Alexandra: Yes, absolutely. This is also the work that we do around fair synthetic data, create a data set in the first place where you, for example, don’t have any racial bias or gender bias or something like that so that the algorithm doesn’t even learn about all these different discriminatory aspects in the data. Yes, absolutely. I think one other point where synthetic data can also help is, coming back to the AI audits, is explainability. You could create synthetic individuals that are not the average Janes and Joes of a society but the more unusual edge cases and see what would happen if I don’t know some kind of public sector, social, whatever algorithm would treat a 90-year-old who is still working, differently than somebody who is in a more regular age of the workforce, and so on and so forth. So that not only the organization itself has a tool to figure out that you really have an ethical algorithm in place, but also the external bodies would be able to gain these insights. You can’t only assess the code of an algorithm, you need the data to really see it come to life and see what decision it makes on different groups of the population.
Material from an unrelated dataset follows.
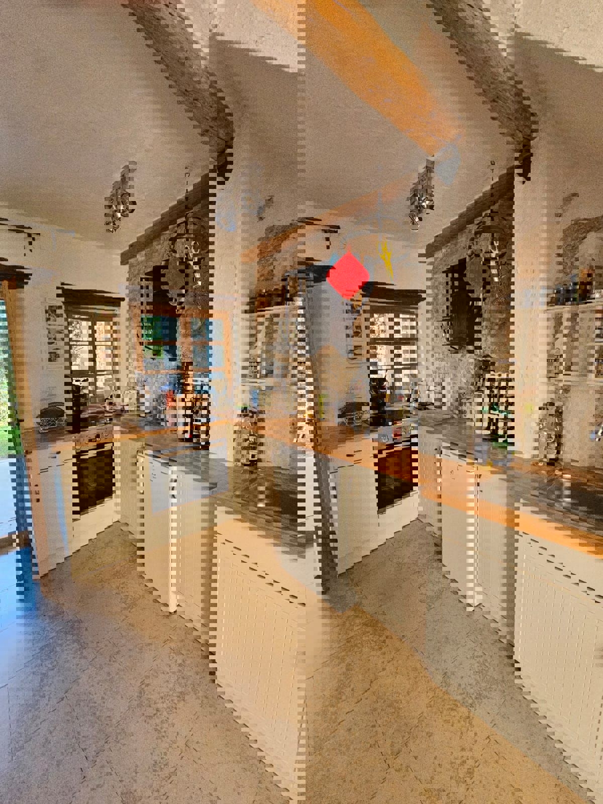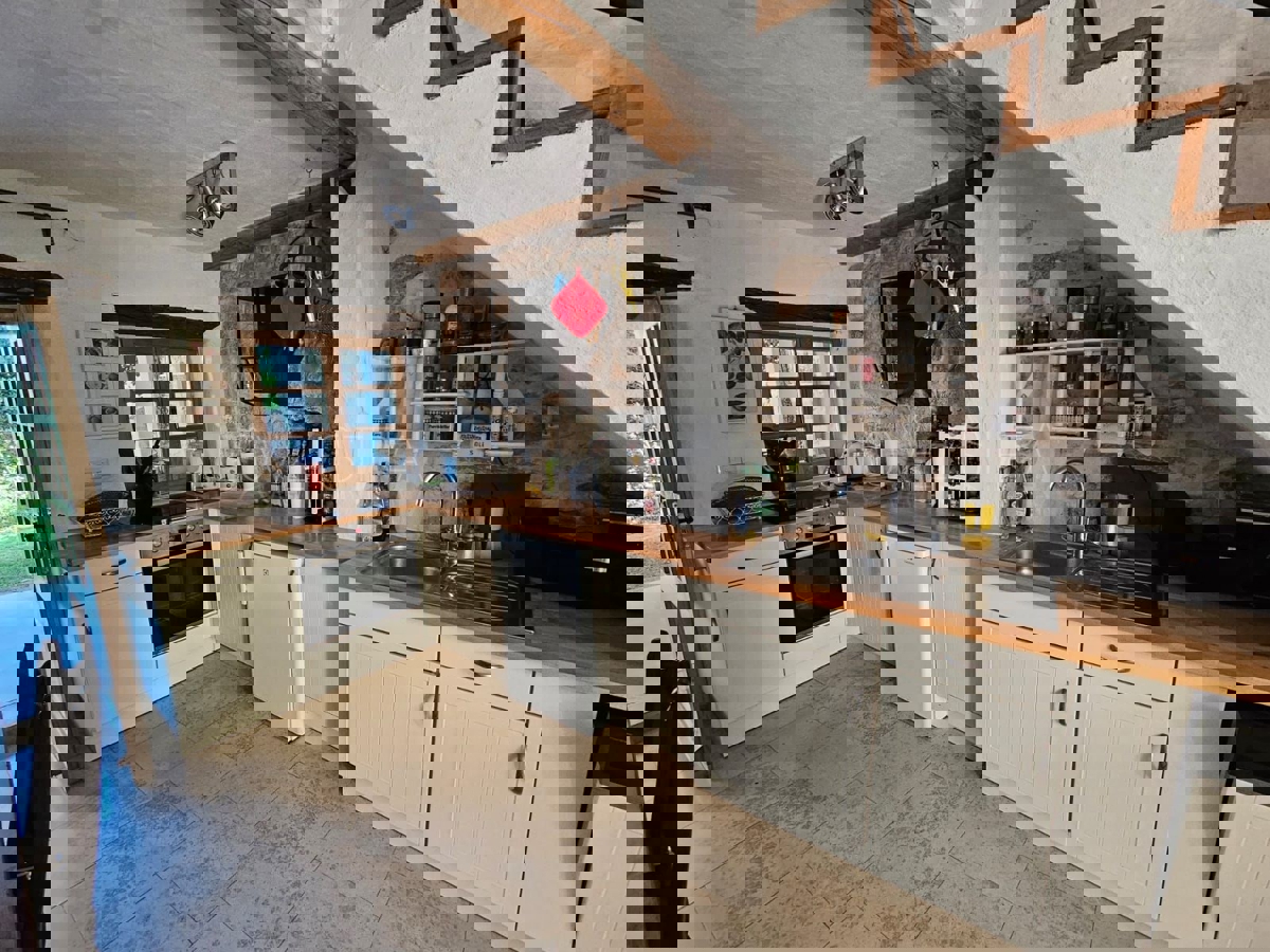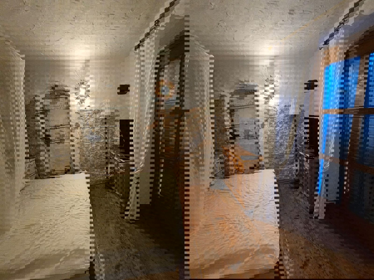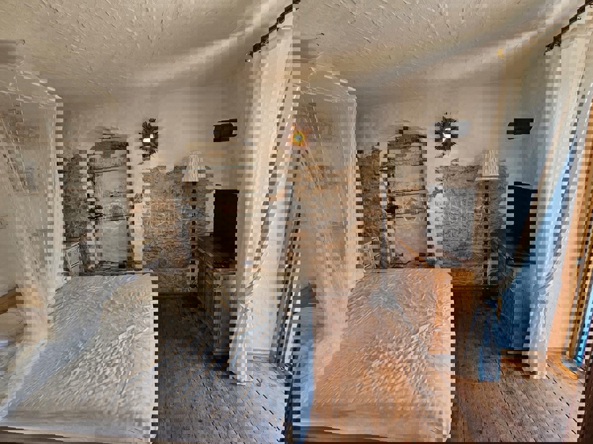 Na samo 3 km od grada i mora smjestila se ova prekrasno uređena kamena kuća u nizu ukupne stambene površine 128 m2.Kuća je raspoređena na tri etaže od kojih se u prizemlju nalazi kuhinja s blagavaonicom, dnevni boravak , kupatilo, spremište i loggia.Na pr

Behrang: Absolutely, that could also be a benefit for us as regulators. When we are talking about best practices or bad practices, I think that was also one question you asked before. I think that depends on the use case. I think that the purpose of the system, what is to be predicted, must be clearly defined in advance. That is one best practice. Then the criteria of measurements have to be defined. Synthetic data, how you said, is very important or very useful, at least and also governance structure. This is also a very important aspect because when the public sector, for example, wants to use AI systems, I’m sure that they are not the persons they need to check what the AI system is actually doing. Ideally, there should be a team of experts who set and review measurement criteria. These can be, for example, how I mentioned before, the evidence of the results, accuracy of the results, and diversity of the data sets.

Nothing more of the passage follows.